THE PROBLEM »
When you return the lines below, go from the first through the line with "1920〜30年代のブローチ", keep them exact, and leave out every picture.

RECORDED DATA »
>>>>>
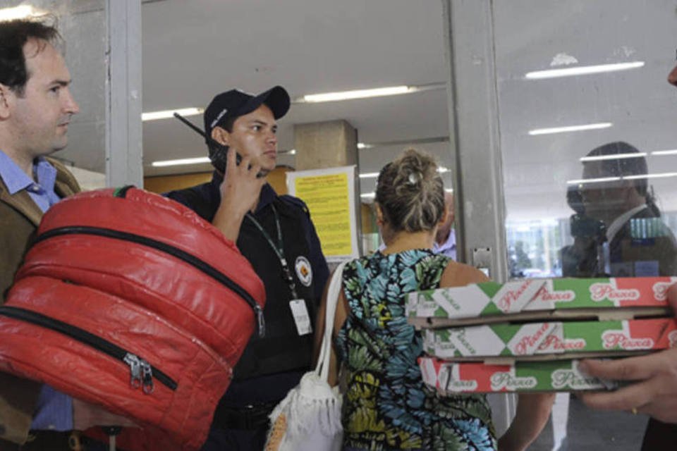 Manifestantes levam pizzas ao Ministério da Saúde: em agosto, a pasta informou que não havia prazo para que a regulamentação ficasse pronta (Elza Fiúza/ABr)
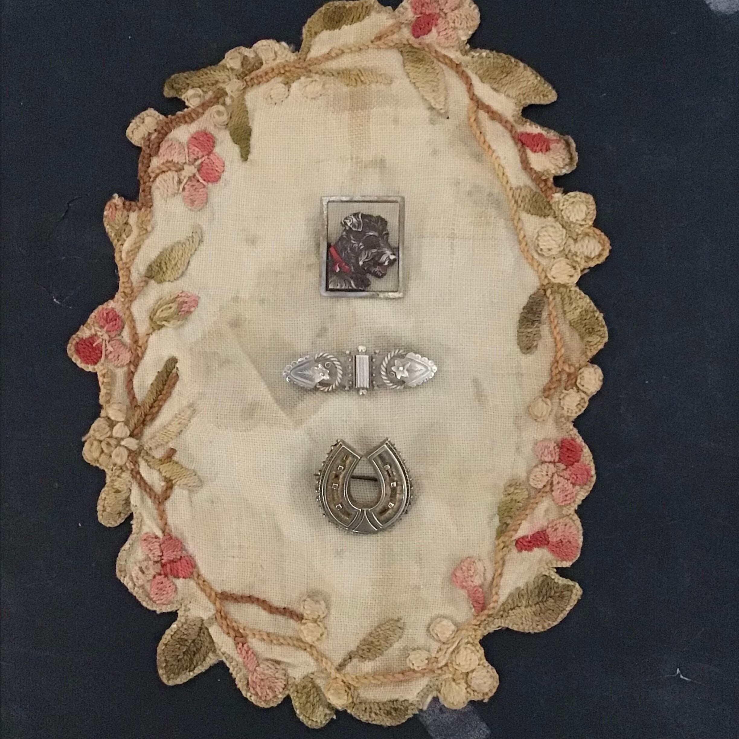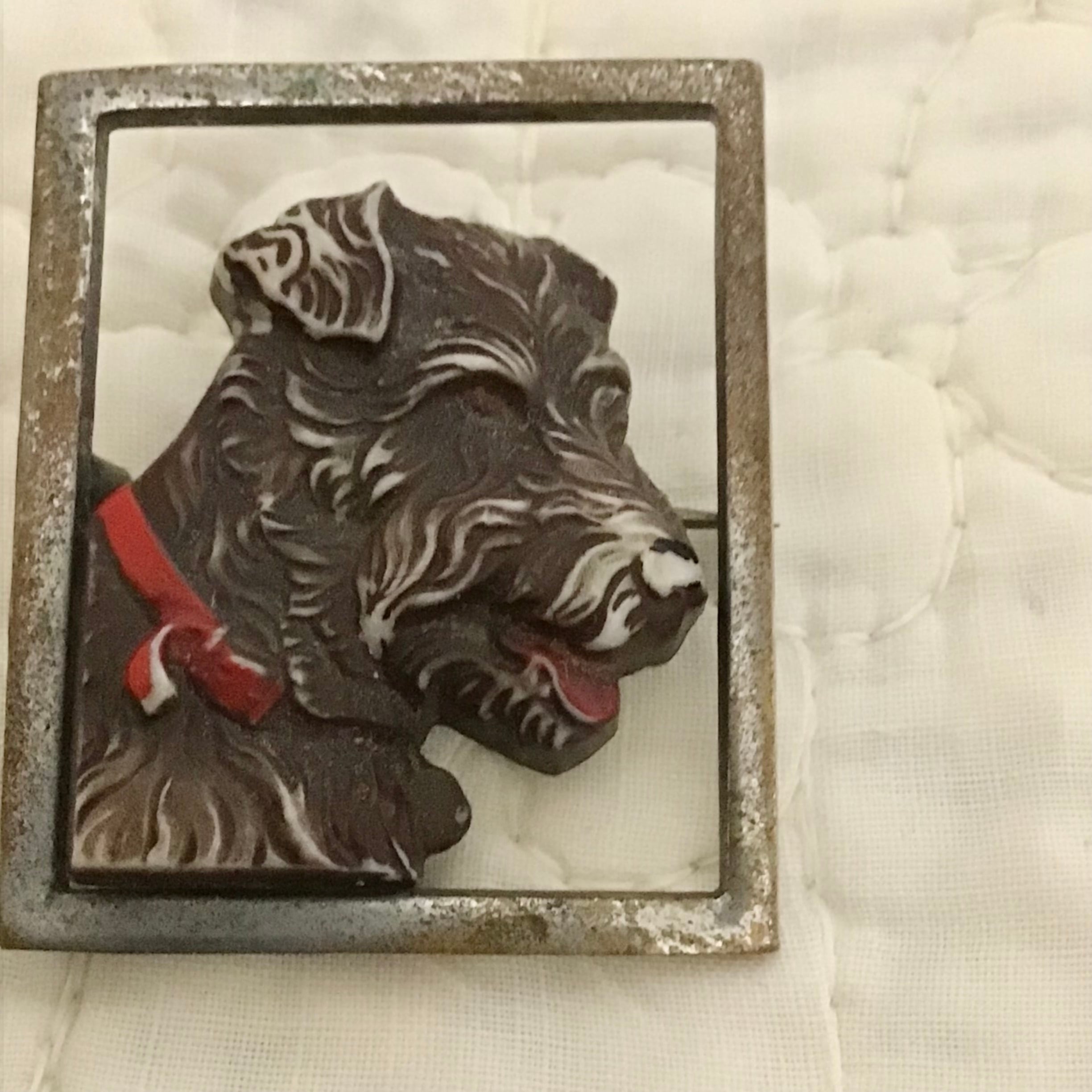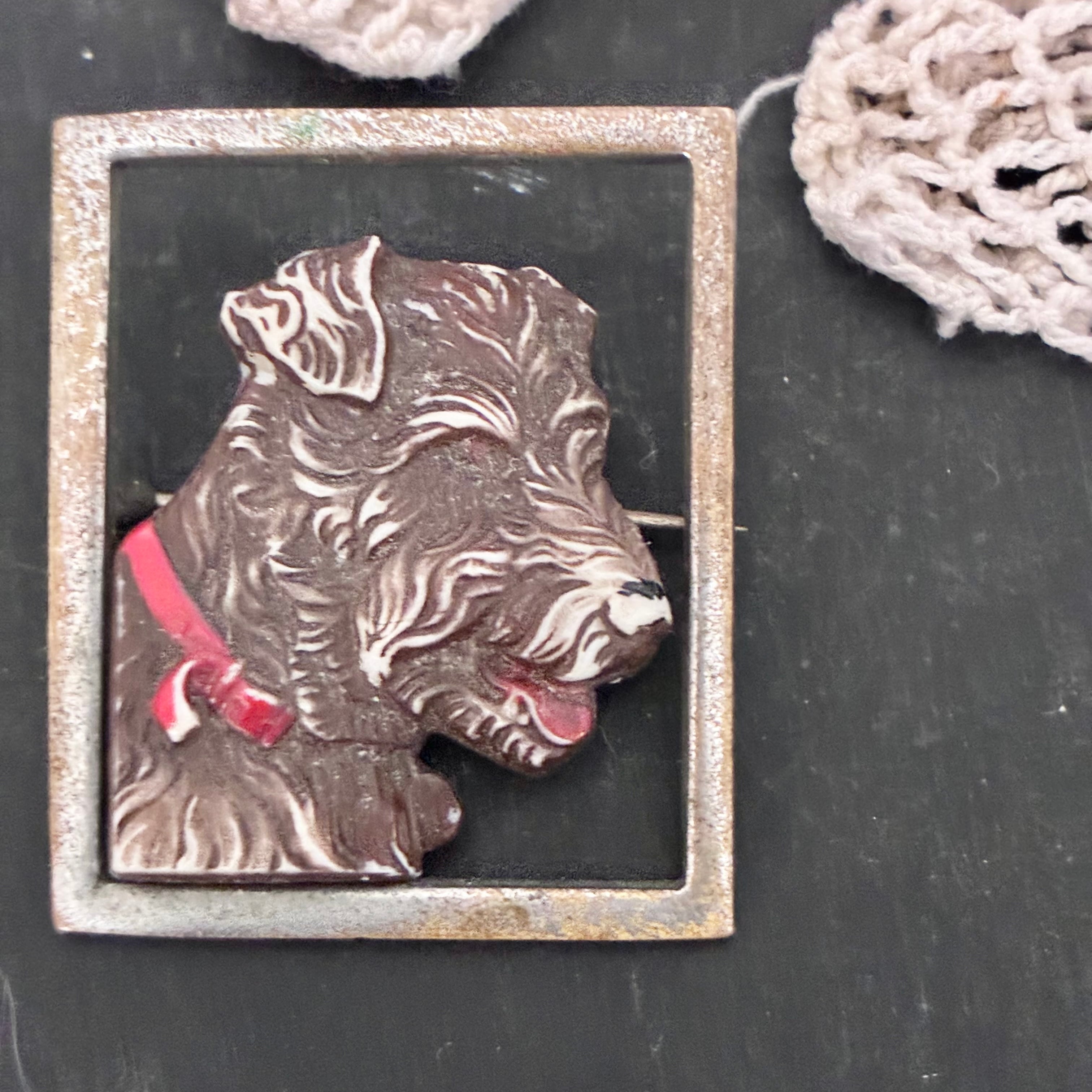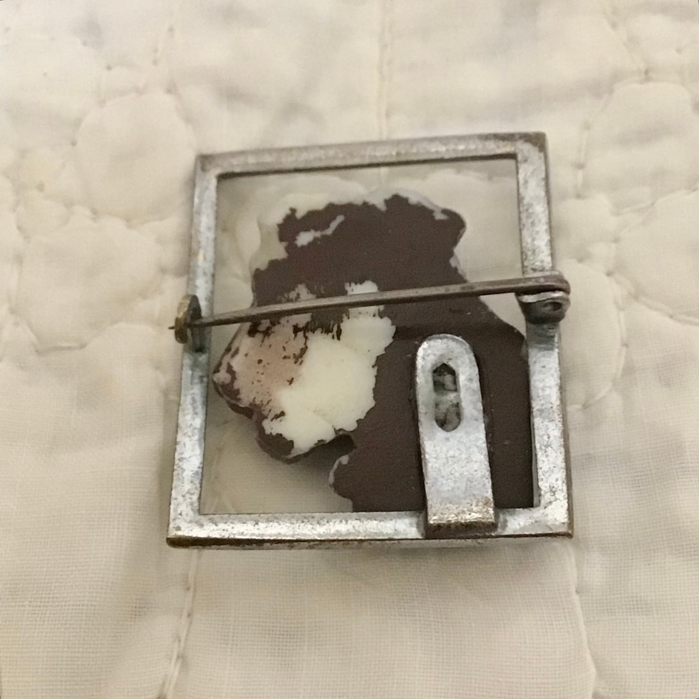1920〜30年代のブローチ、シルバーコーティングされた真鍮製の枠にセルロイドのワンちゃんがセットされています♡窓から覗いているようなデザインが可愛いらしく、経年の擦れや変色がとても味わい深く良い風合いとなっています◎
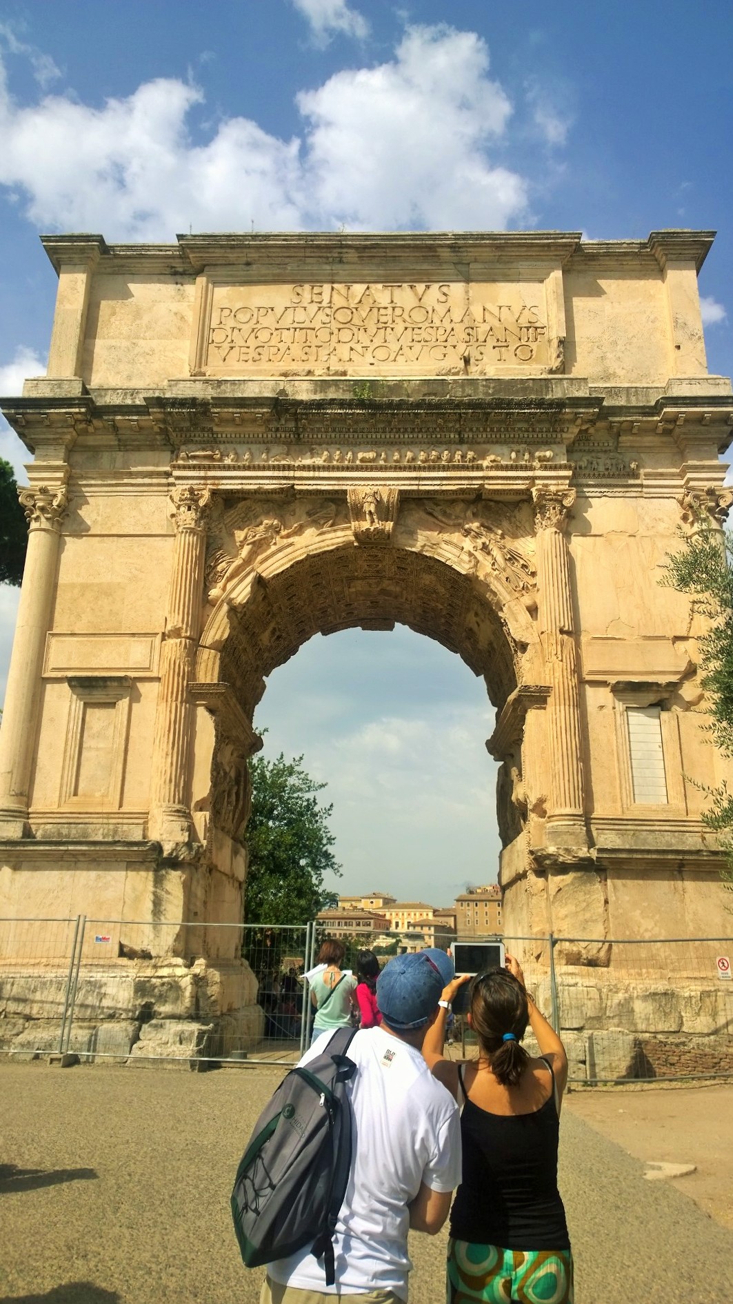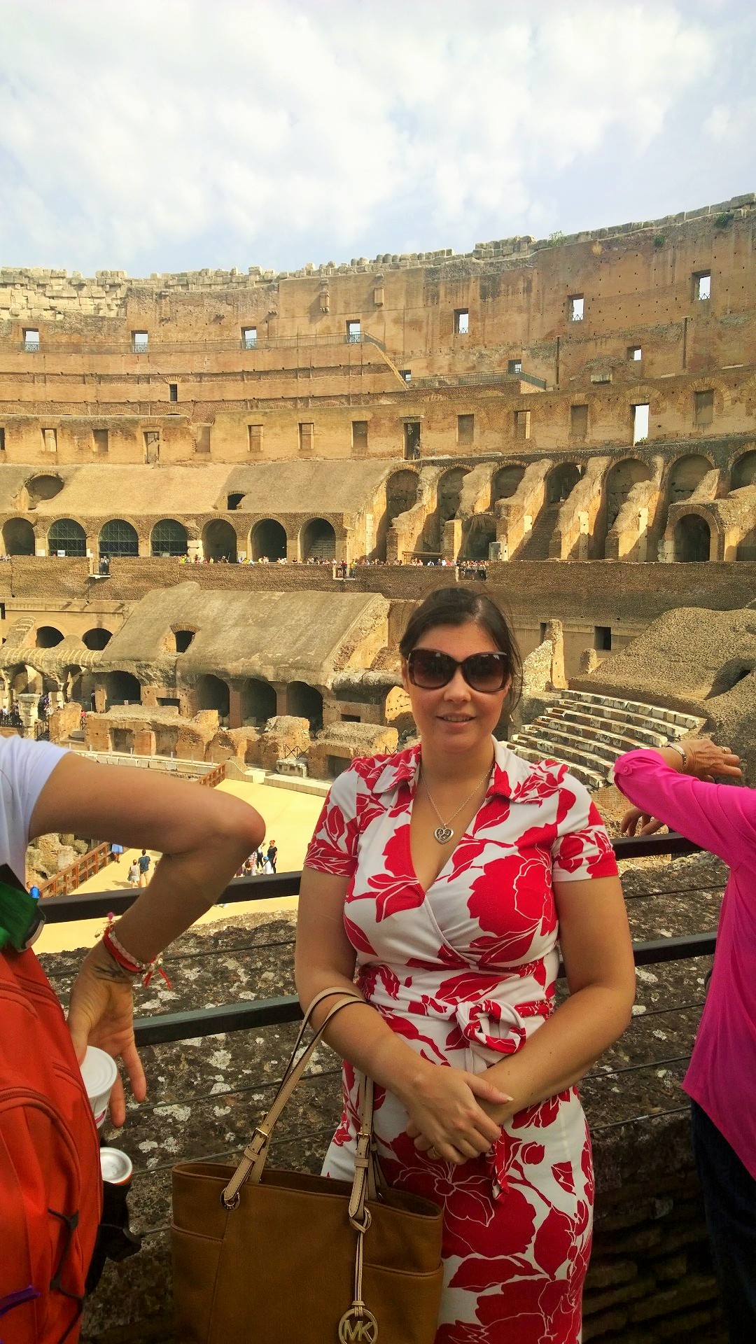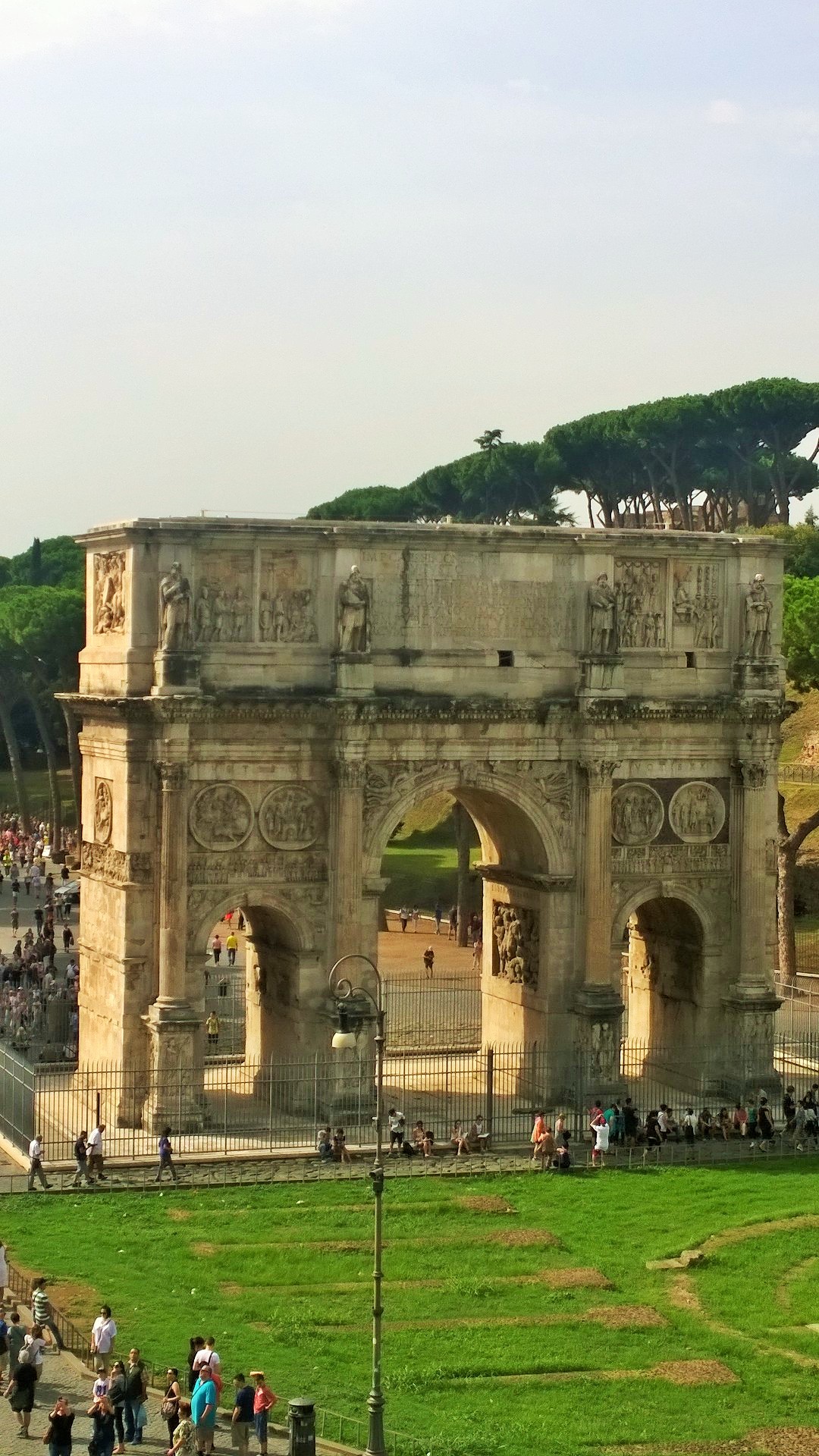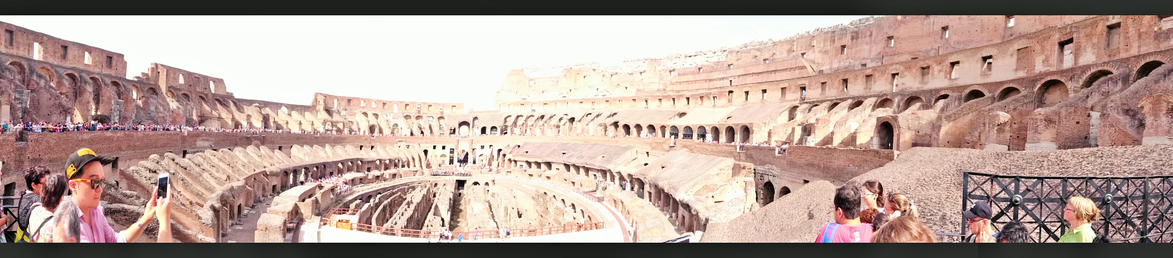 Colosseumille kannattaa myös suunnata mahdollisimman aikaisin, koska jono tännekin kasvaa päivän edetessä aina vain pidemmäksi. Me olimme Colosseumillakin aika ajoissa aamulla kymmenen maissa emmekä olleet tännekään ostaneet ennakkolippuja, joilla pääsisi jonojen ohi. Nyt kuitenkin kävi niin, että tähän aikaan aamusta ennakkolippulaisten jono oli huomattavan pitkä ja liputtomat lippuluukun kautta sisään menevät pääsivät taas lähes jonottamatta suoraan sisään Colosseumille. Lippu maksoi 12 euroa/aikuinen ja samalla lipulla pääsi saman päivän aikana myös Forum Romanumille ja Palatinukselle. Colosseumin vieressä sijaitseva suurin säilynyt riemukaari eli Konstantinuksen riemukaari on myös komea näky. Colosseum oli jälleen vaikuttava näky ja ennen vierailua kannattaakin tutustua paikan rajuun historiaan, jotta tietää mitä kaikkia kauheuksia Colosseumin pitkän historian aikana noiden jylhien seinien sisäpuolella onkaan tapahtunut. Colosseum on valmistunut vuonna 80 jaa ja sinne mahtui hurjat 73 000 katsojaa.
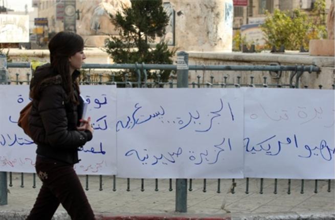A Palestinian woman walks past placards denouncing Al-Jazeera during a protest near the offices of the pan-Arab news channel.
<<<<<
RESULT »
 Manifestantes levam pizzas ao Ministério da Saúde: em agosto, a pasta informou que não havia prazo para que a regulamentação ficasse pronta (Elza Fiúza/ABr)
1920〜30年代のブローチ、シルバーコーティングされた真鍮製の枠にセルロイドのワンちゃんがセットされています♡窓から覗いているようなデザインが可愛いらしく、経年の擦れや変色がとても味わい深く良い風合いとなっています◎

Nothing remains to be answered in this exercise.